Anyway, Matt was at RMH because he went back to sleep… SOMEHOW before all of this NG drama happened, when he left an hour earlier he knew I was in a terrible place and he called my parents who graciously got up and drove an hour+ after midnight to be with me… by the time I caught my breath, I called my mama and BLESSSSSS them - they were in the SickKids parking lot. So after it all happened my parents were there 30 seconds later, not even knowing the shit that just went down.

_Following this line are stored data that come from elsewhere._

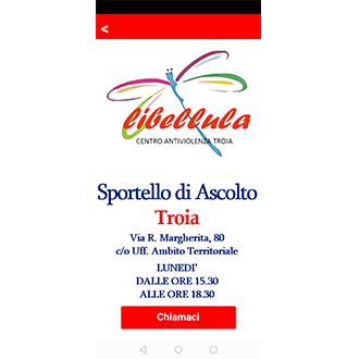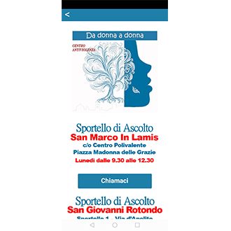 Nombor ketersediaan adalah aktif H24, setiap hari dalam tahun, di seluruh wilayah wilayah Foggia. Pengendali telefon yang didedikasikan untuk perkhidmatan ini memberikan respons pertama kepada keperluan mangsa keganasan jantina dan mengejar, menawarkan maklumat yang berguna dan panduan terhadap perkhidmatan sosio-kesihatan awam dan swasta yang terdapat di wilayah provinsi. Wanita Telefon Anti Keganasan, melalui sokongan kepada mangsa, menyokong kemunculan aplikasi bantuan, dengan jaminan mutlak yang tidak dikenali.
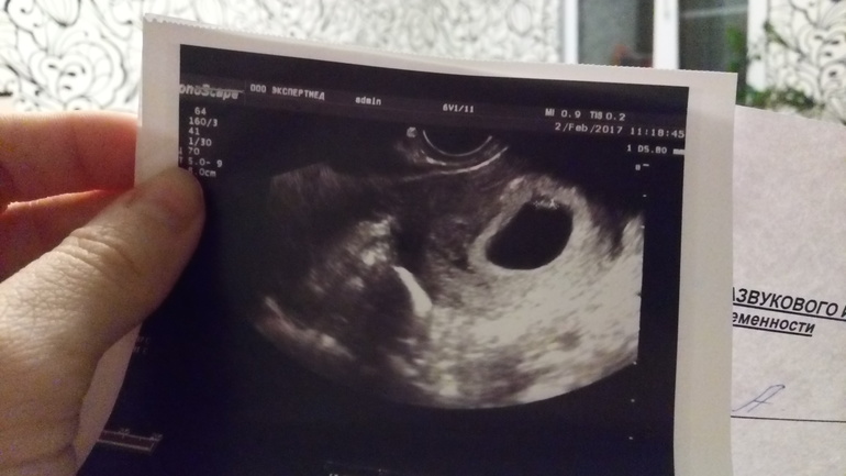 И у меня на 7й! Такая манюня) 5 нед и 2 дня по зачатию
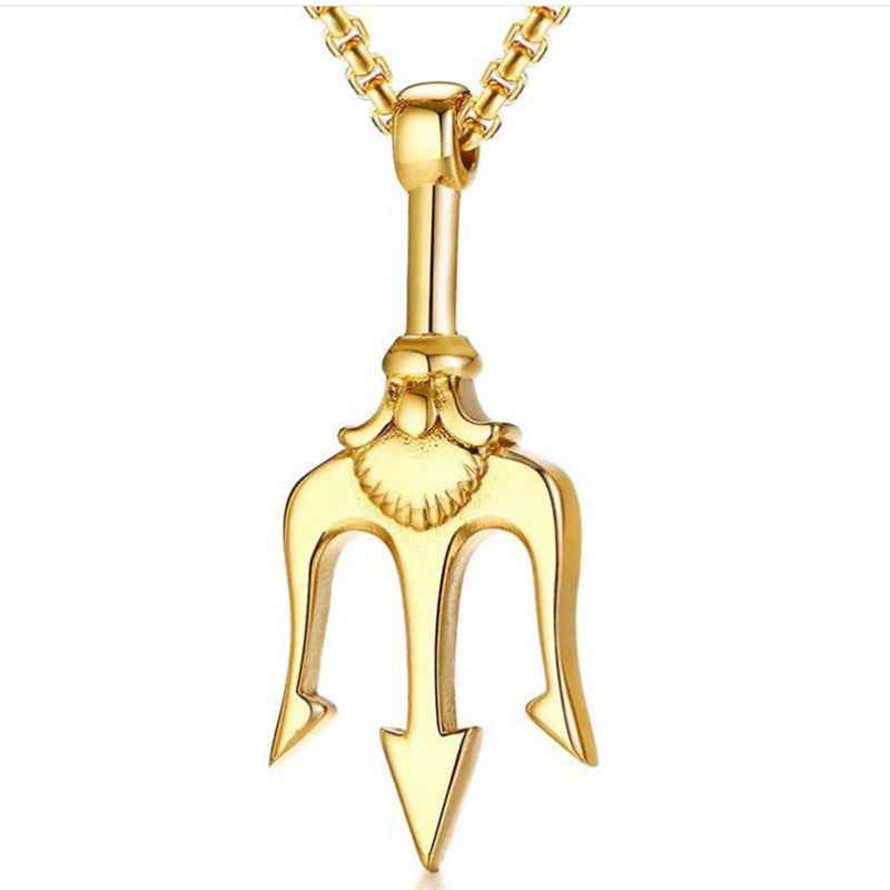 Vintage Geometric Aquaman Trident Pendant Necklace for Men
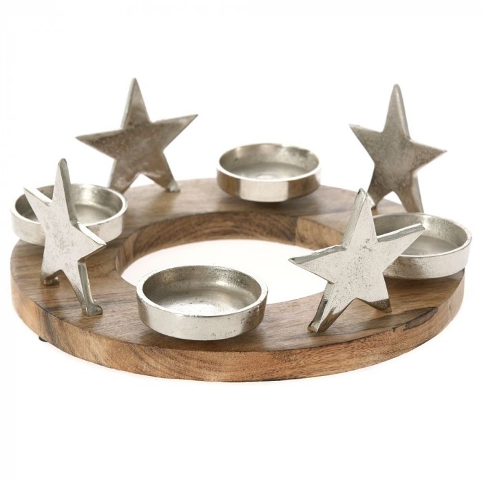 Свещник дърво с алиминиеви орнаменти, ф 30х20 см
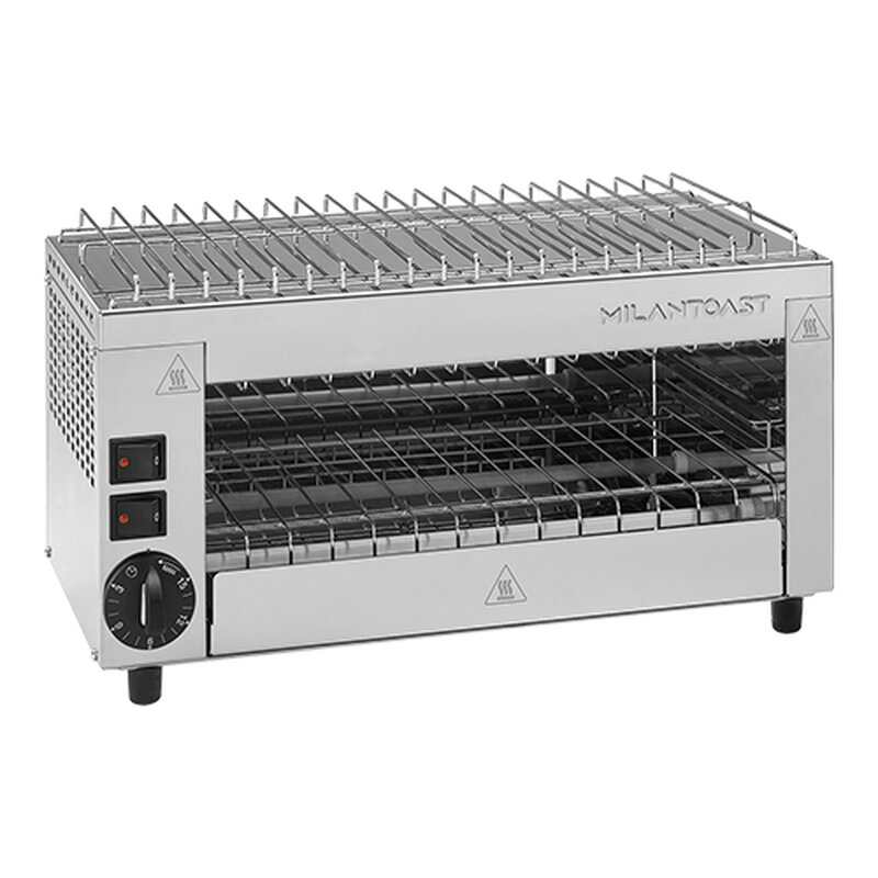 de quartzbuizen kunnen afzonderlijk bedient worden en daardoor is het tosti apparaat ook zeer geschikt voor o.a. gratineren en grillen, dit wordt nog eenvoudiger gemaakt door de opklapbare achterzijde, het apparaat is voorzien van een tijdklok en lekbak
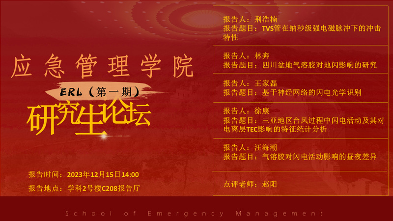 欢迎广大师生踊跃参加应急院首届ERL研究生学术论坛

Talk about good timing eh.
(btw, not many people know that story, and it was therapeutic af to write all of that out and get it into the open. Cause Lord, it has been weighing on my soul keeping some of these experiences in. Even though I can now laugh at it… these memories haunt me, daily. Here's to hoping releasing them causes some peace).
Halloween… in the morning (after I spoke to Adam's surgeon who assured me everything was fine, thank Godddd!!!) ….we dressed Adam up as a lil sushi.
My parents and brother took us for all you can east sushi before Adam's surgery and we probably ate thousands of dollars worth of food lol, so for some reason I decided to dress my kid as a sushi for halloween. Don't ask - I don't know why lmao. But I literally hand sewed on felt in the shape of salmon and added a lil wasabi, and Adam was having none of it.
The first day of this kid's life tube free, he was wearing a hand sewed sushi costume for Halloween. Not a super hero. Not a doctor. A sushi. Lol. We're not even Japanese ...we just really like eating sushi.
He was super cute though!!!
This pic is actually really hard for us to look at. Most of the time, actually ALL of our time on 5B Adam ONLY had a foot monitor (standard for every patient) attached to him. So to see him with those ...I don't even know what to call them, ports? needles? dangly poke things.... and even worse is seeing him STILL so drugged up on hard narcotics (he was being weened off of morphine and things I can't even begin to guess how to spell) ....I see it in his eyes, he wasn't fully back to himself yet. It breaks my heart. It really is so hard for me to share these images).
But yeah, what I'm saying, is that you can make the best of being there. The nurses dress up, the atrium has activities, Child Life comes by with treats and gifts - they really do make every single event or holiday memorable (hah! was it ever!!!) ... whether you decide to participate or not.
…..hey, do you think there's a Bravery Bead for that?